The first and most effective way to bring butterflies to your yard is to plant their favorite flowers. These are the most colorful, fragrant, and nectar-rich flowers. Here are a few of butterflies’ most-loved flowers, along with why:

  • Purple coneflowers: These flowers’ vibrant color and abundant nectar draw butterflies in. The flowers’ centers provide butterflies with the perfect landing pad.
  • Joe-Pye weed: Joe-Pye weed grows in little clusters of tiny, trumpet-shaped flowers. These flowers are the perfect shape for butterflies to drink from (like butterfly-sized cups). Joe-Pye weed also comes in red-purple and pink (which butterflies are quite drawn to).
  • Milkweed: Milkweed is renowned for its vast appeal to the stunning monarch butterfly. In fact, monarch butterflies depend on milkweed. It’s their host plant, meaning they lay their eggs on it. Plant milkweed, and you’ll have monarch butterflies showing up each year!
  • Lavender: Butterflies and bees love lavender. This is because the pretty purple spires are made up of hundreds of tiny, nectar-stuffed flowers. 
  • Goldenrod: Goldenrod is bright yellow, which draws butterflies in. Goldenrod bunches are dense with fragrance and nectar. 

You can plant additional plants to draw in other pollinators too. You can also plant flowers to attract butterflies but not bees if you’re wary of the latter.

You have tons of options!

Offer Them Sugar Water From Your Butterfly Feeder

The next best thing you can do to welcome butterflies into your yard is to offer them sugar water from a feeder. 

The recipe is simple since you only need to boil sugar and water together. The best ratio is three teaspoons (tsp) of sugar for every one cup of water. Make a few cups to fill your feeder.

You can buy or make one if you don’t have a feeder.

Offer Them Water In A Butterfly-Safe Way

In the warm, thirsty spring and summer months, butterflies may have difficulty finding viable water sources. Butterflies can’t swim or stand on water either, meaning they avoid lakes, ponds, and other familiar water sources. 

Instead, butterflies drink from mud. This is called “puddling.” Butterflies drinking this way gives them a reliable surface to stand on.

You can always provide some mud water to encourage butterflies to hang around your yard. All you need is some sort of shallow dish, sand or soil, and water. 

Fill the dish with a few inches of sand/soil, then soak the sand thoroughly. You’ll want a water depth of just a couple of centimeters over the sand/soil.
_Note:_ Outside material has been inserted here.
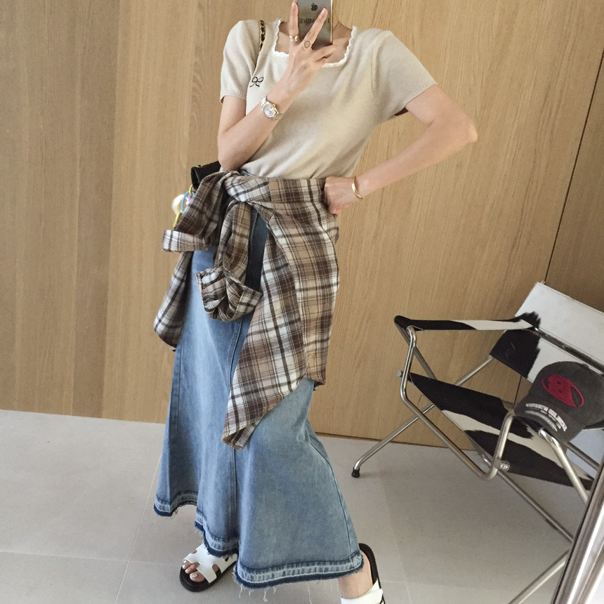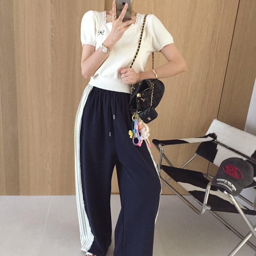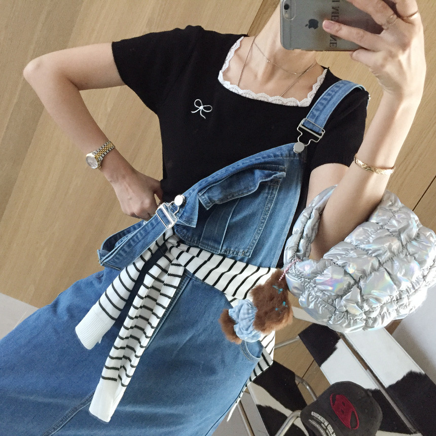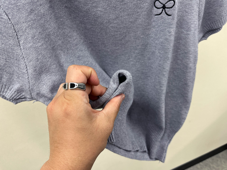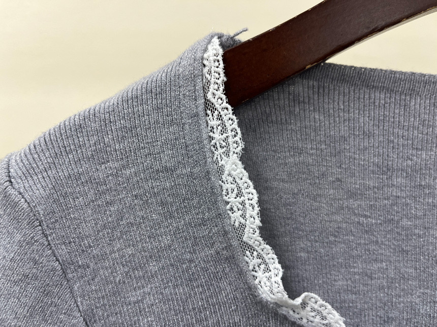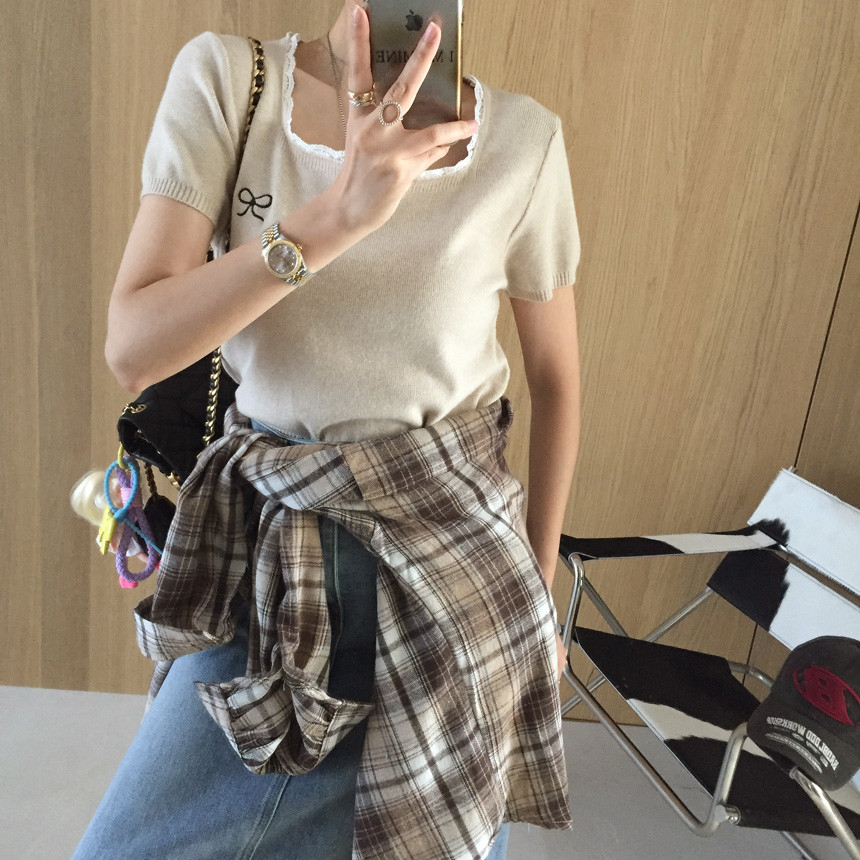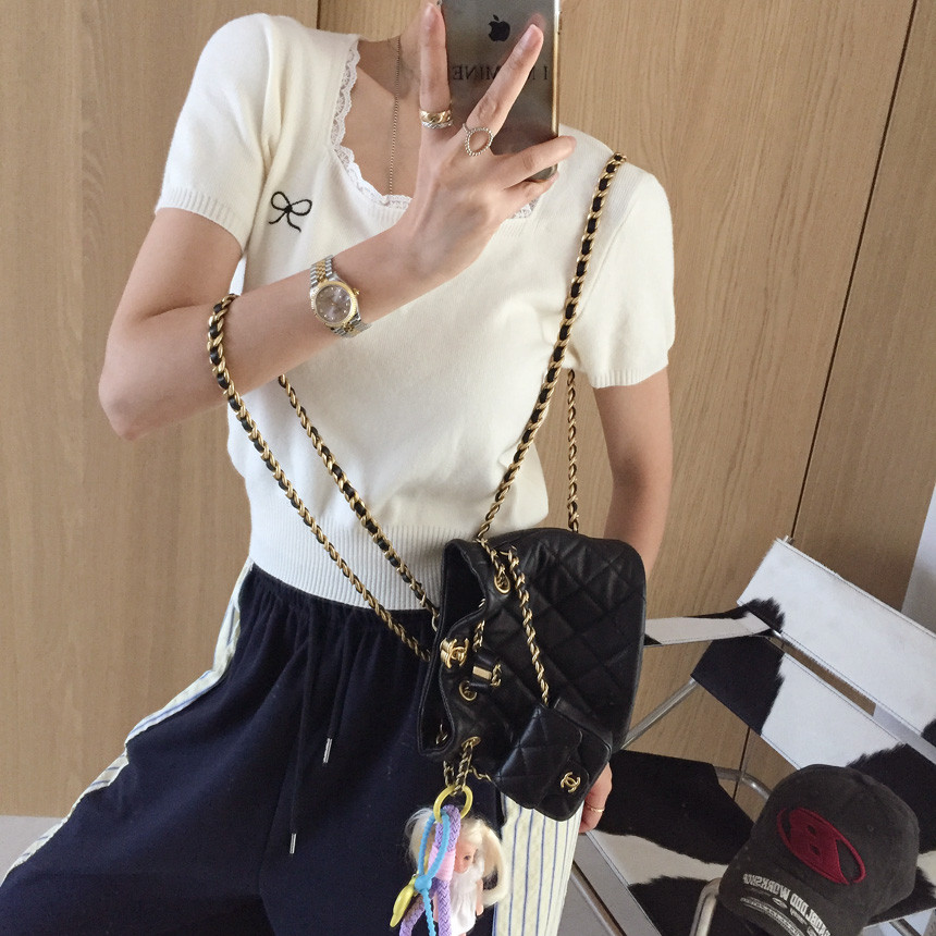 레이스 리본자수 스퀘어넥 반팔니트 소개드려요 ><
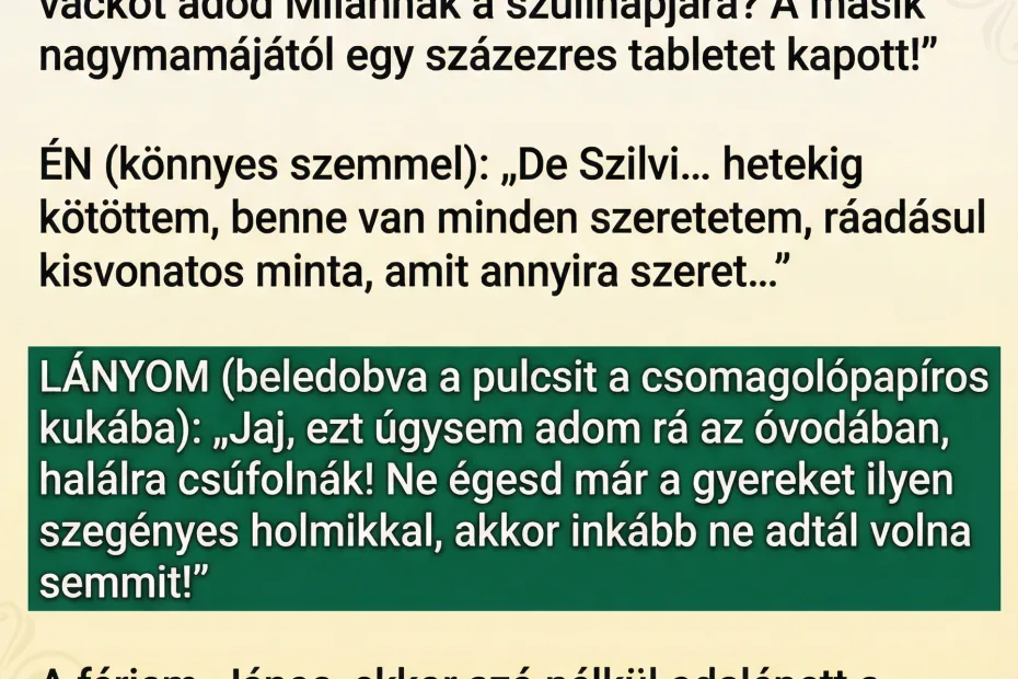 Az unokám, Milán, most lett hatéves. A férjemmel, Jánossal szerény nyugdíjból élünk, nem tudunk versenyezni a másik nagyszülőkkel, akik tehetős vállalkozók, és minden ünnepre drága, márkás játékokkal halmozzák el a kisfiút. De én úgy gondoltam, a szeretetet nem forintban mérik. Milán imádja a vonatokat. Két hónapon át, minden este, amikor már fájt az ízület az ujjaimban, akkor is kötöttem neki egy piros, finom fonalból készült pulóvert, aminek az elején egy bonyolult, szépen kidolgozott gőzmozdony pöfékelt. Minden öltésben ott volt a szívem.

Place the mud water somewhere sunny, so the butterflies can stay warm while they drink!

Make The Butterflies A Handy Salt Lick

While butterflies get plenty of sugar from nectar, they don’t get any salt from it. Because they require this nutrient, they must obtain it from supplemental sources, like sweat, manure, or mud. You can make a salt lick if you’d like to encourage butterfly visitors. 

All you need to do is add 1-2 tablespoons (tbsp) of salt to the sand or soil when you provide them with mud water (this process is described in the above section)!

Final Advice

Butterflies are just as beautiful as they are fragile. There’s a lot to know about how to touch and attract them. So, use only a few tips at a time, and don’t get discouraged if you don’t see results immediately. Soon enough, you’ll enjoy the special bond between you and a butterfly.